WHAT TO PRODUCE:
Word for word, restate the lines of the data below between those holding "BatteryBuy.co.uk is your" and "The image is", inclusive; pictures do not belong in the copy.

DATASET ENTRIES:
Content starts

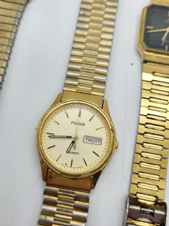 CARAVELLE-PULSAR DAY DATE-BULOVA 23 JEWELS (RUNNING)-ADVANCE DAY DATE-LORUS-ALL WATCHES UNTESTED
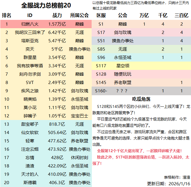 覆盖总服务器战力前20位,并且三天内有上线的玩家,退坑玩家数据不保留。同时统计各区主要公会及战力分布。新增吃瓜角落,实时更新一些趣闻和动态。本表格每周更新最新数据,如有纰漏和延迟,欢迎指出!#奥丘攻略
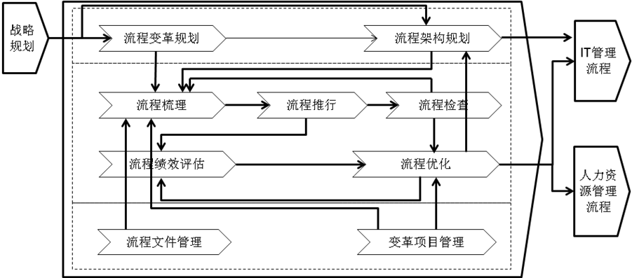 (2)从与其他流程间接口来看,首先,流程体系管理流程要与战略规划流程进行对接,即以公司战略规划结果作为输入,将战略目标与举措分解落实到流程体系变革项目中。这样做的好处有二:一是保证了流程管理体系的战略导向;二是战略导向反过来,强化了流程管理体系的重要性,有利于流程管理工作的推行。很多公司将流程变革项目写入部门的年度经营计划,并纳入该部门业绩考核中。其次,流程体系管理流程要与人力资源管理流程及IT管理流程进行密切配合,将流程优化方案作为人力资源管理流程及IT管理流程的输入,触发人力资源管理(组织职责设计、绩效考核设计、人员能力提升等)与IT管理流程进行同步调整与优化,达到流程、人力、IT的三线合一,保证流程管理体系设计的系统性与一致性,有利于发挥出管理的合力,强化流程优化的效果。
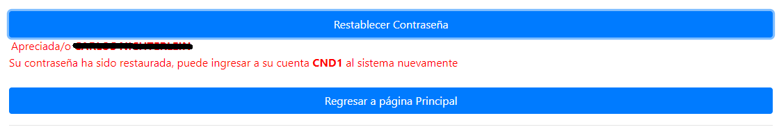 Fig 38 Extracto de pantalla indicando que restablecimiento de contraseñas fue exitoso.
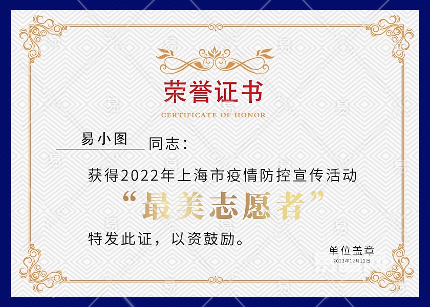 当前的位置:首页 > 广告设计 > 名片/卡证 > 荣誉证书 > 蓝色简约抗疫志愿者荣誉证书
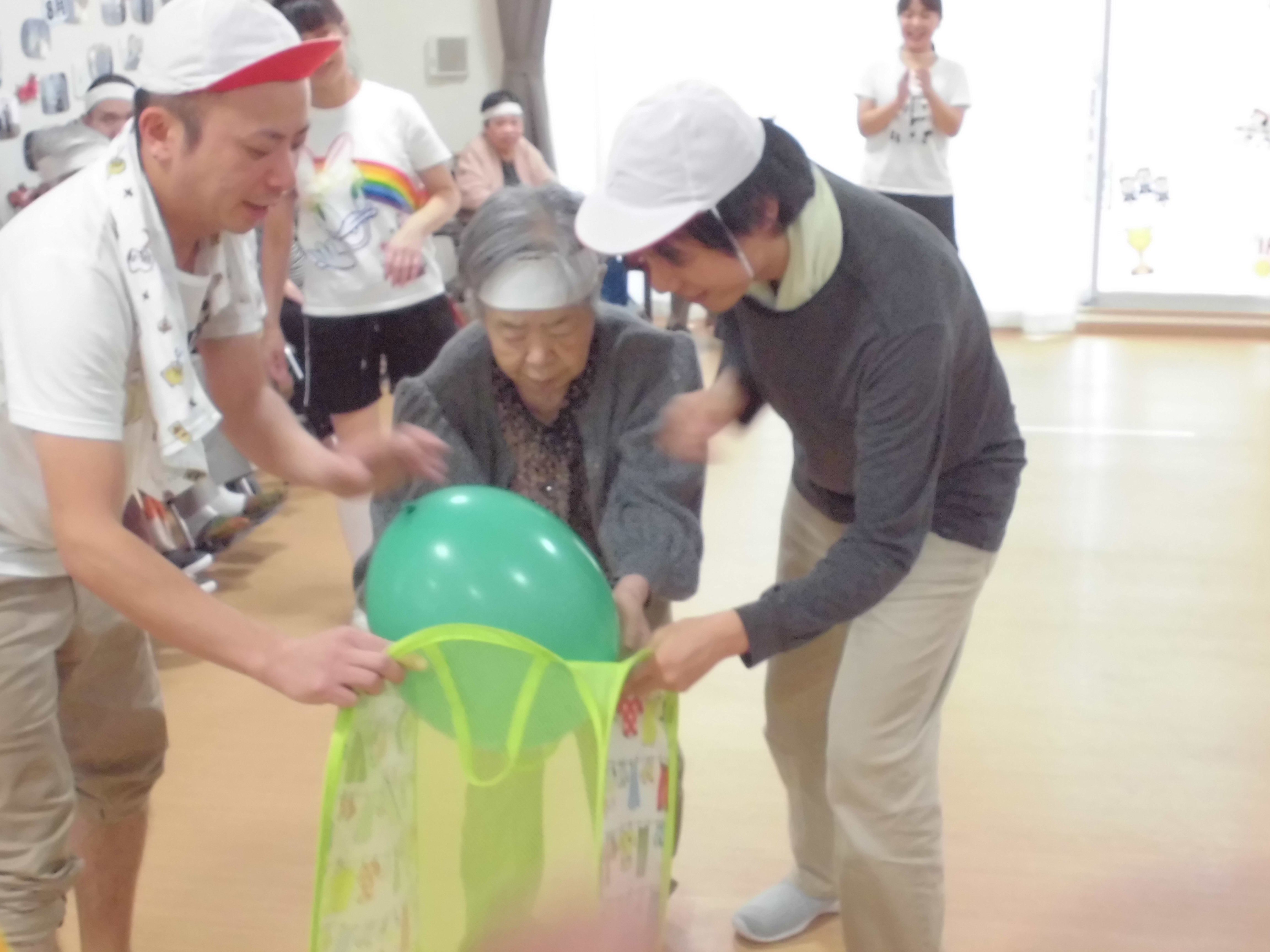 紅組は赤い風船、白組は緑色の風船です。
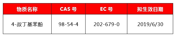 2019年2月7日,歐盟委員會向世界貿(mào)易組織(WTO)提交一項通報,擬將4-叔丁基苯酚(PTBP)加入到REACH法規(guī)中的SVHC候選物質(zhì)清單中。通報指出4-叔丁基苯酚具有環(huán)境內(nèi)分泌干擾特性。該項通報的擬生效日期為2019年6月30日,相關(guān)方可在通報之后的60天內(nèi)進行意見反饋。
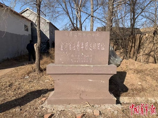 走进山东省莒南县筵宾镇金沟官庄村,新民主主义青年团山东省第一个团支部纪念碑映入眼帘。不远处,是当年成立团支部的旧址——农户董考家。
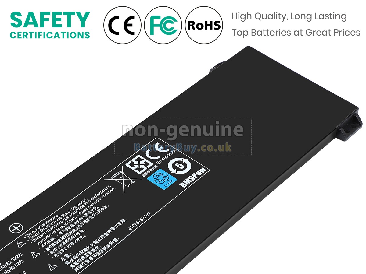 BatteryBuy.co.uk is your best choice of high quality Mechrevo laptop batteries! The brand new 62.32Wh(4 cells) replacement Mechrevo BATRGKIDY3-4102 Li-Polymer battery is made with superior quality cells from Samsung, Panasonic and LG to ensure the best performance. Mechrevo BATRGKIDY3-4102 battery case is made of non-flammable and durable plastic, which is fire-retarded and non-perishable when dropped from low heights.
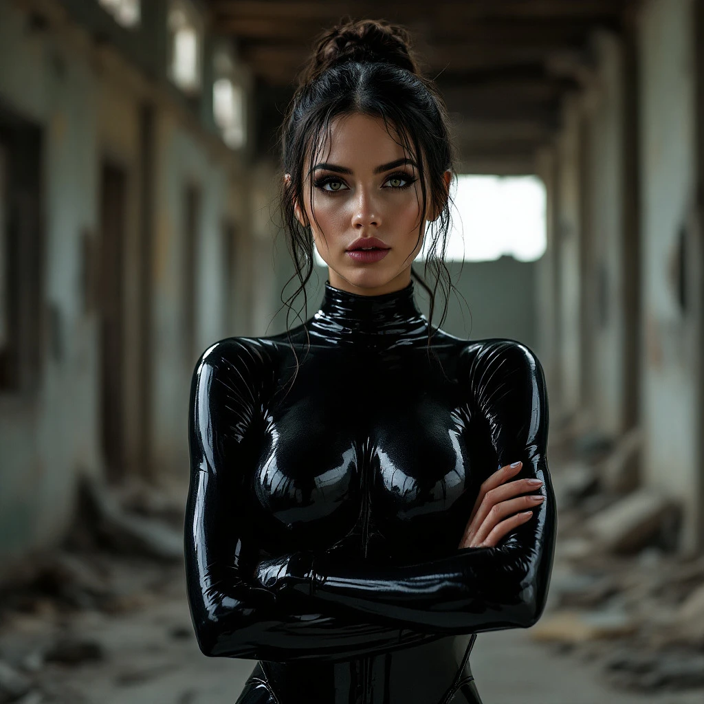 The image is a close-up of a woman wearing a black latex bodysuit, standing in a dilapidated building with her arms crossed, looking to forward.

Content ends
Content starts

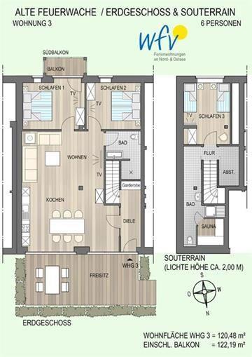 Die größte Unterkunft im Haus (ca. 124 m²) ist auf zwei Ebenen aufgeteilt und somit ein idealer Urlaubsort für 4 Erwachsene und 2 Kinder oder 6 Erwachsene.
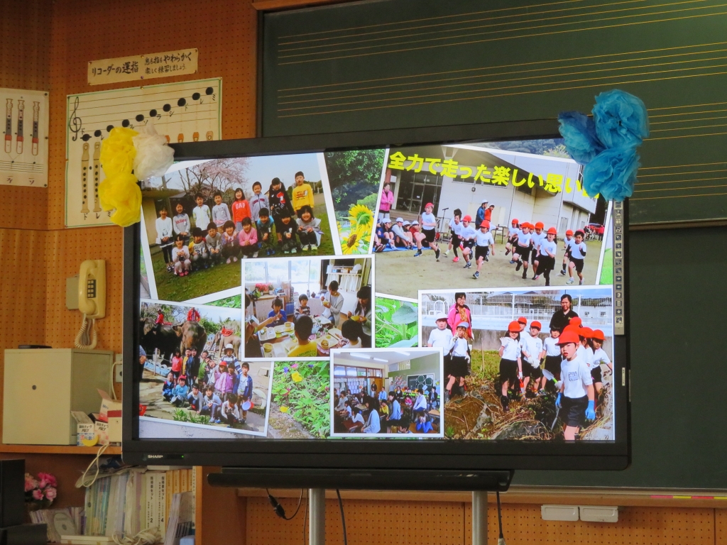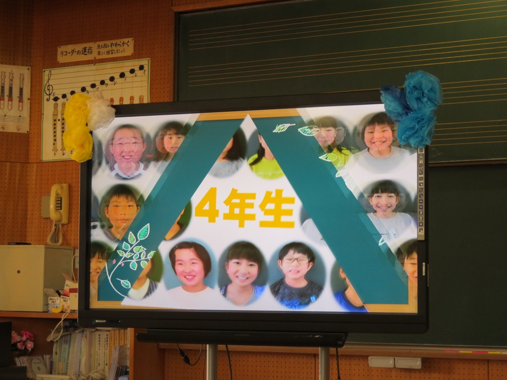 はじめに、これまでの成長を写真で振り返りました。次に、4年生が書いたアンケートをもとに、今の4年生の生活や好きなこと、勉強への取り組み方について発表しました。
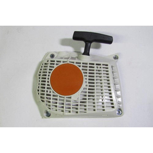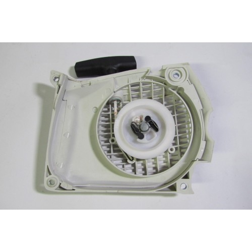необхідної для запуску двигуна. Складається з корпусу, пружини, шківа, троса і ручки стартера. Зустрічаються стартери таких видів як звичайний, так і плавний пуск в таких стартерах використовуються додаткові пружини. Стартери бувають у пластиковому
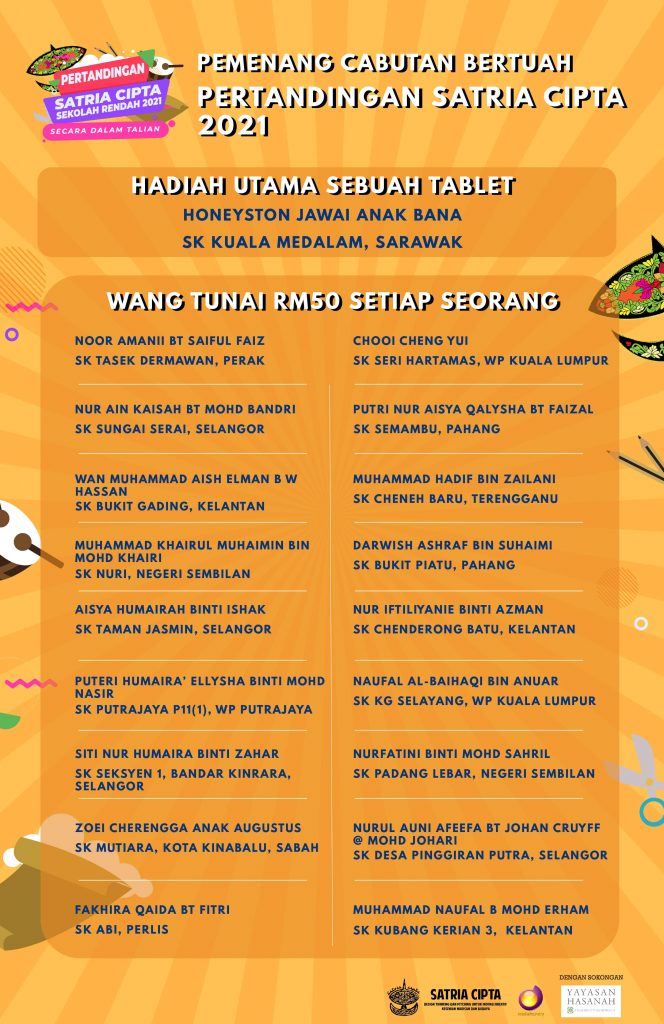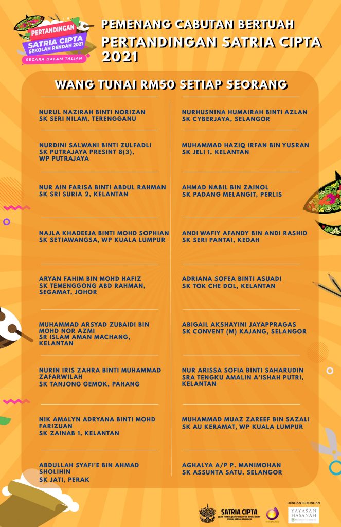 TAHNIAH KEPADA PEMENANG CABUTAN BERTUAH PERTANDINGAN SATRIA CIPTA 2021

Content ends
Content starts

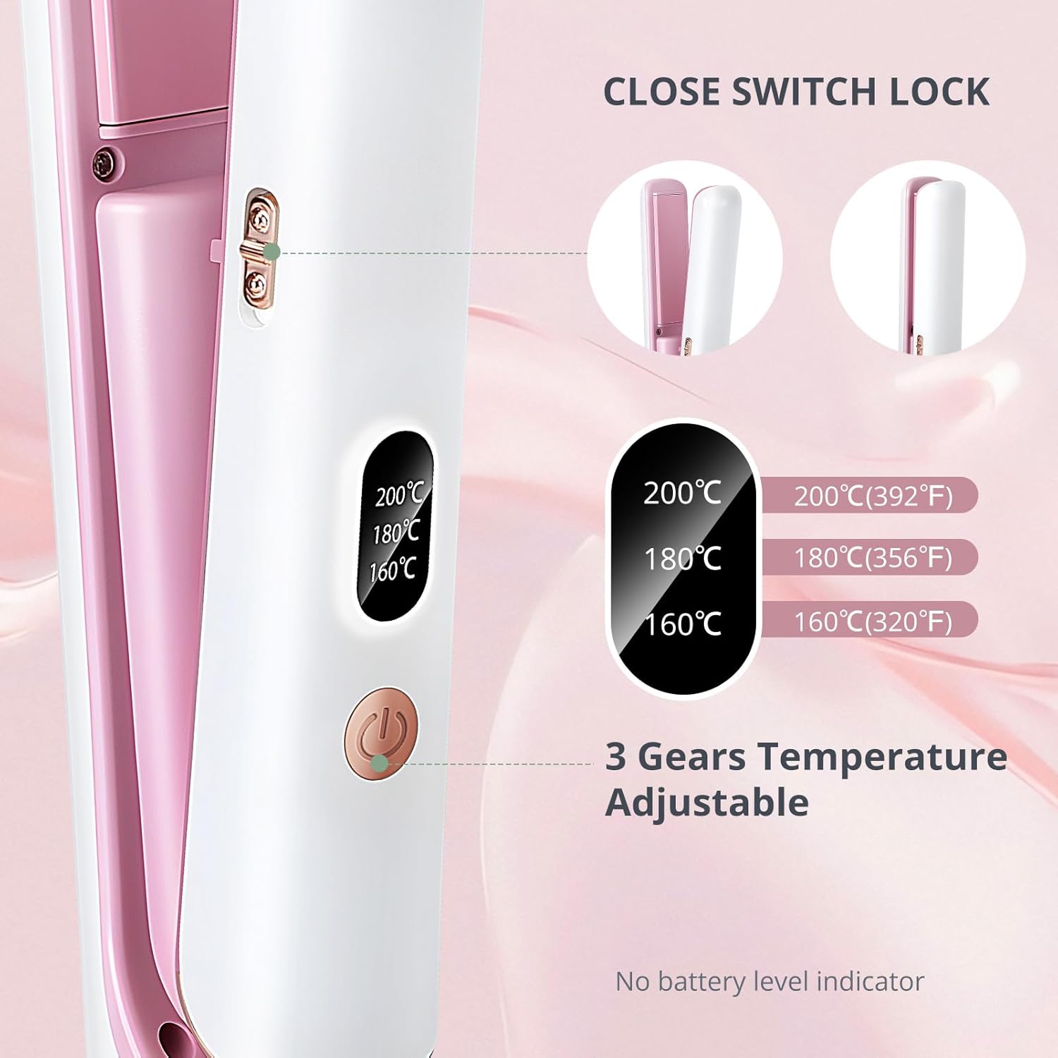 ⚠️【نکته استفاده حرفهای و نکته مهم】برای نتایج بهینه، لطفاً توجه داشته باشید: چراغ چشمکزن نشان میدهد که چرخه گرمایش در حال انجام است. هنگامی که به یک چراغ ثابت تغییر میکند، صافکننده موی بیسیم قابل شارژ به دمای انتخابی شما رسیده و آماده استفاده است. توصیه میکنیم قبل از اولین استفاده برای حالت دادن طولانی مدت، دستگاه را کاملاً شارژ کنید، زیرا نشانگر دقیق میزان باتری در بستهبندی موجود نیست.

Content ends

EXERCISE RESULT:
 BatteryBuy.co.uk is your best choice of high quality Mechrevo laptop batteries! The brand new 62.32Wh(4 cells) replacement Mechrevo BATRGKIDY3-4102 Li-Polymer battery is made with superior quality cells from Samsung, Panasonic and LG to ensure the best performance. Mechrevo BATRGKIDY3-4102 battery case is made of non-flammable and durable plastic, which is fire-retarded and non-perishable when dropped from low heights.
 The image is a close-up of a woman wearing a black latex bodysuit, standing in a dilapidated building with her arms crossed, looking to forward.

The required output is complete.